Outro ponto a se comentar é o fato de que a Disney sempre foi acusada, pelo menos informalmente, de explorar em seus filmes, para o terror de muitos pais, temas sexuais de forma subliminar. Não concordo com essa afirmação de forma alguma. Acho que o caso, pelo menos aqui, não é nada subliminar. Já havia feito comentário semelhante quando escrevi sobre Pinóquio (1940); assim como no filme do boneco mentiroso – e em um nível muito mais elevado agora – Peter Pan é recheado de tons sexuais. Eles estão incorporados de forma quase que totalmente explícita pela fada Sininho, que de graciosa nada tem: além de vestir roupas inapropriadas, de executar poses lotadas de sensualidade, o comportamento dela é absolutamente reprovável: para garantir seu lugar ao lado de Pan, por quem é apaixonada, ela é responsável, entre outras maldades, pela quase morte de Wendy. Enfim, é provavelmente o mascote menos “fofo” que a Disney já teve, embora seja universalmente reconhecido – erroneamente – como uma peça fundamental e positiva na jornada das crianças pela Terra de Nunca.

Para complementar as evidências relacionadas ao tom sexual do filme, mais tarde na história, Pan e Wendy visitam um grupo de sereias – loiras, lindas e cheias de curvas provocantes, obviamente – que também demonstram odiar Wendy, porque todas elas são apaixonadas por Pan. Enquanto as crianças podem não notar esses elementos sexuais no filme (hoje em dia, apenas crianças muito novas não notariam), fica óbvio para qualquer adulto a presença deles, o que, convenhamos, é algo de absoluto mal gosto. Alguns poderão me acusar de excesso de moralismo, ou pior: falar que não tenho o coração puro para enxergar a beleza do trabalho da Disney. Pois que seja, os fatos estão aí, basta não deixar-se levar pela pseudo-magia da empresa, e sim notar que os desenhistas do estúdio eram simplesmente pervertidos.

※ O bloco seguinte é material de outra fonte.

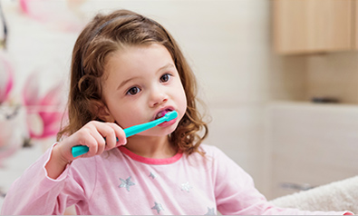 전동칫솔은 일반적으로 성인의 강도에 맞추어져 아이에게 사용하기 강한 칫솔모가 대부분 이며, 스스로 양치하는 습관을 잡아주는 것이 중요하기 때문에
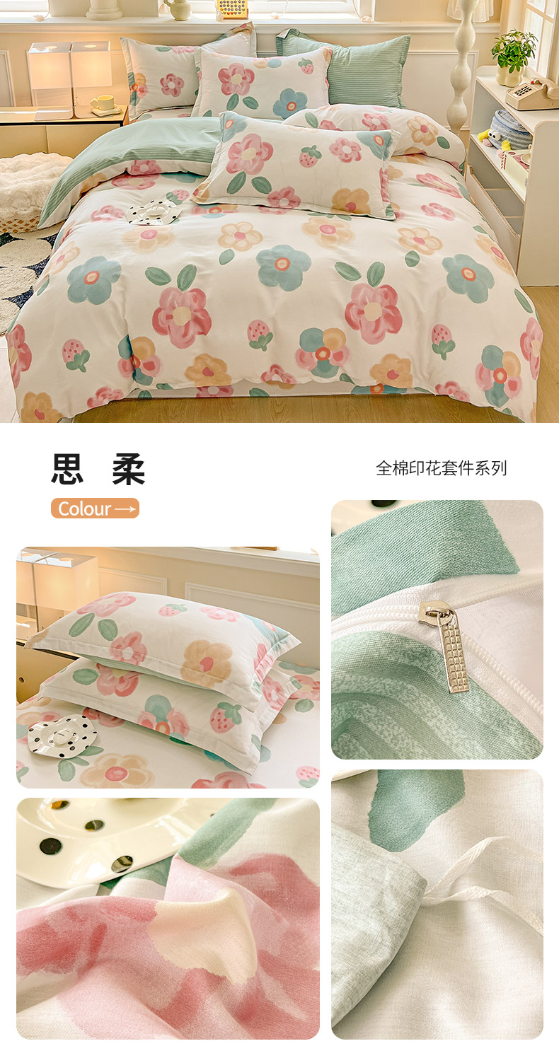 绵庭家纺 2024新款全棉印花套件系列四件套 思柔
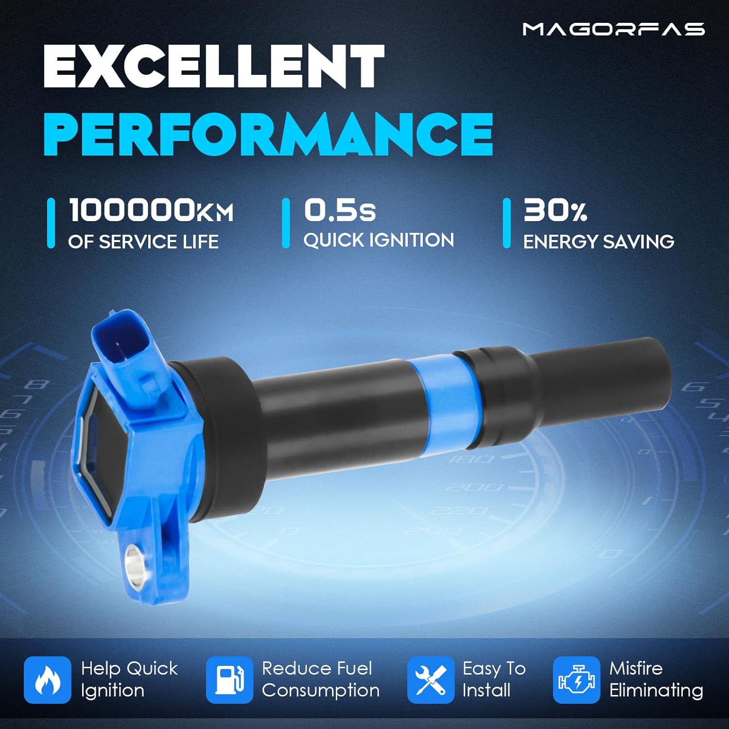 Magorfas Ignition Coils--No more stuttering, and quicker start off!100000km of service life0.5s quick ignition30% energy savingCompatible with Hyundai:2011-2016 Fit for Elantra 1.8L L42014 Fit for Elantra 2.0L L42013 Fit for Elantra GT 1.8L L42018-2020 Fit for Elantra GT 2.0L L42014-2017 Fit for Tucson 2.0L L4Compatible with Kia:2014-2016 Fit for Forte 1.8L L42014-2015 Fit for Forte 2.0L L42012-2015 Fit for Soul 2.0L L4Package Includes:4 * Blue Ignition CoilsReplaces for:UF-651, 27300-2E000, 273002E000, 27301-2E000, 273012E000, C1804, 5C186, 11788511, UF651All Magorfas products provide 12-month service.Please check your vehicle model according to the Amazon model list to avoid wrong purchases and returns. Remember to prevent putting the ignition coils in a hot or wet environment.
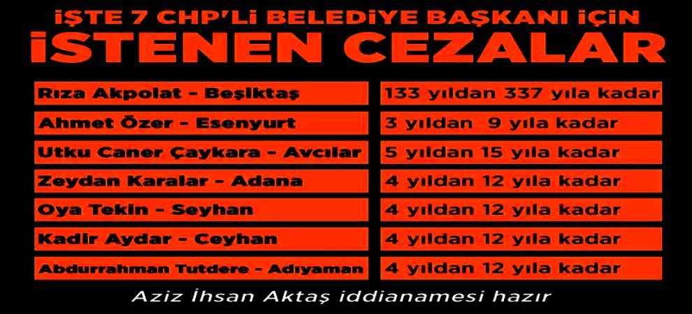 İddianamede, görevlerinden uzaklaştırılan Seyhan Belediye Başkanı şüpheli Oya Tekin, Ceyhan Belediye Başkanı şüpheli Kadir Aydar, Adana Büyükşehir Belediye Başkanı şüpheli Zeydan Karalar, Adıyaman Belediye Başkanı Abdurrahman Tutdere'nin "rüşvet alma" suçundan 4'er yıldan on ikişer yıla kadar hapisle cezalandırılması talep edildi.
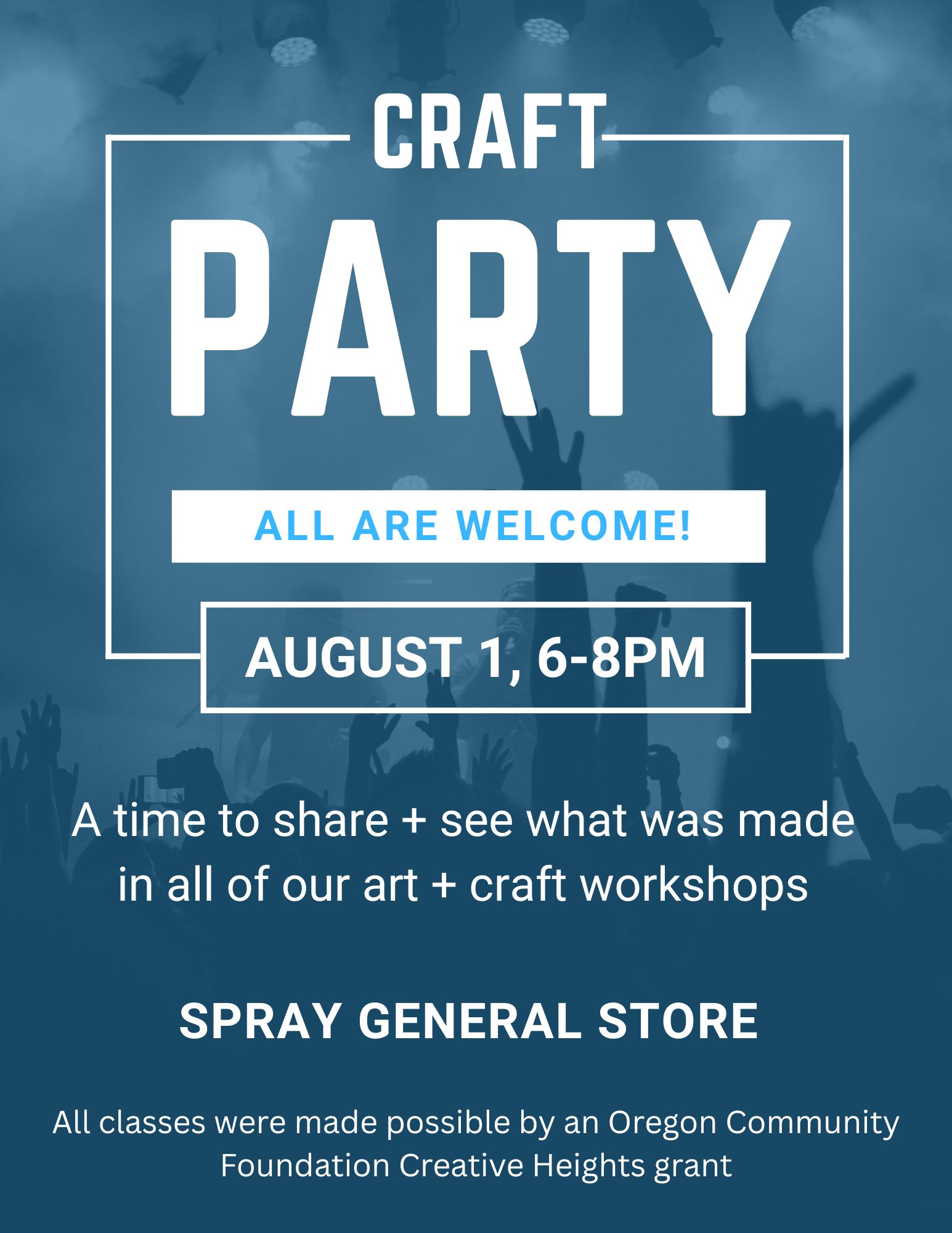 Come on over to the General Store to celebrate two years of art and craft making thanks to the Oregon Community Foundation Creative Heights grant. If you were a participant in any of the classes, bring your creations. If you did not attend a class, bring your curiosity and enthusiasm for seeing what was made when 21 artists came to town. If you are one of the instructors, we appreciate you beyond words and your presence is welcomed and still felt long after your class ended. Light appetizers will be served as well as a big dollop of camaraderie.
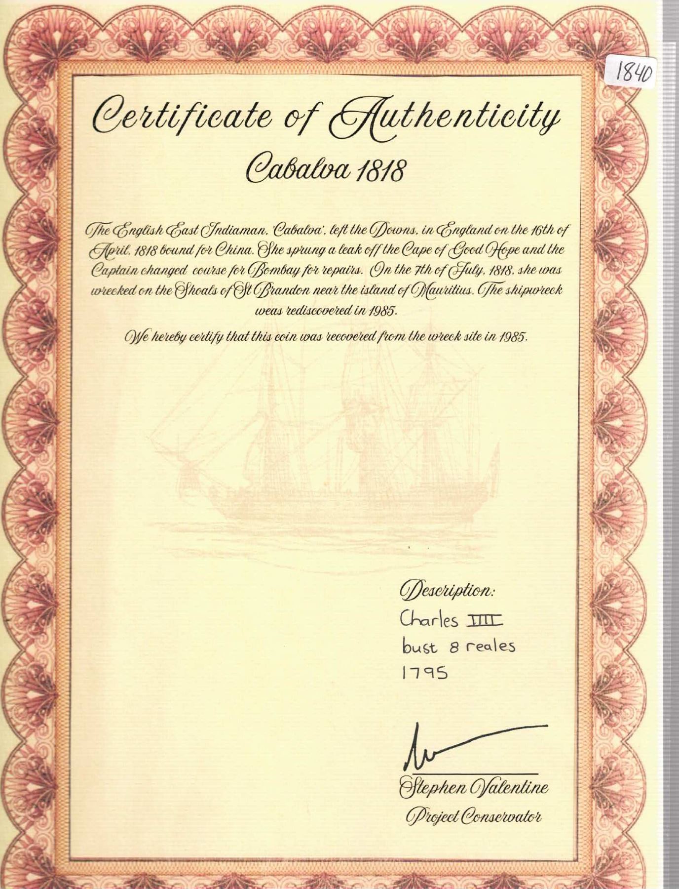 MEXICO, Mexico City, bust 8 reales, Charles IV, 1795 FM. Yonaka-M8.95; Cal-958; KM-109. 24.45 grams. Better quality than usually encountered from this wreck with mild surface corrosion yet solid with clear details throughout. Pedigreed to the Steve Valentine Collection, with original certificate from the salvor/conservator. Recovered from: Cabalva, sunk in 1818 off Mauritius in the Indian Ocean

Deixando de lado Sininho e as sereias, o próprio Pan não é lá um personagem muito interessante: seu excesso de auto-confiança acaba transformando-se logo em arrogância, e o fato do personagem nunca sofrer perigo real algum (pois Gancho é um vilão excessivamente estúpido) faz dele um protagonista limitado. Apesar do filme ter feito bastante sucesso à época de seu lançamento, diz-se que o próprio Walt Disney não gostou de seu resultado, reprovando justamente o personagem de Pan, citando-o como alguém difícil de se gostar. Outro ponto negativo, agora tecnicamente, é a baixíssima qualidade de sua animação, que é muito inferior, por exemplo, à de Branca de Neve e os Sete Anões, um filme 16 anos mais antigo. A paleta de cores sem graça, tanto nas cenas de Londres quanto nas da Terra do Nunca, ajudam a justificar o adjetivo “aborrecido” que dei ao filme anteriormente.

Peter Pan não é um desastre total por utilizar elementos ricos em imaginação, proveniente da fértil mente de  Barrie. Apesar de mal desenvolvido ao extremo, cenas como as do esconderijo dos órfãos na Terra do Nunca (uma bagunça divertida) e o vôo do barco perto do final do filme mostram lampejos de qualidade que justificam a fama da história, o que acaba salvando um pouco a obra. Dentre os trabalhos mais antigos da Disney, é um dos piores, e definitivamente não é uma demonstração feliz da capacidade da empresa em encantar. Vale como curiosidade, talvez, mas não necessariamente para as crianças.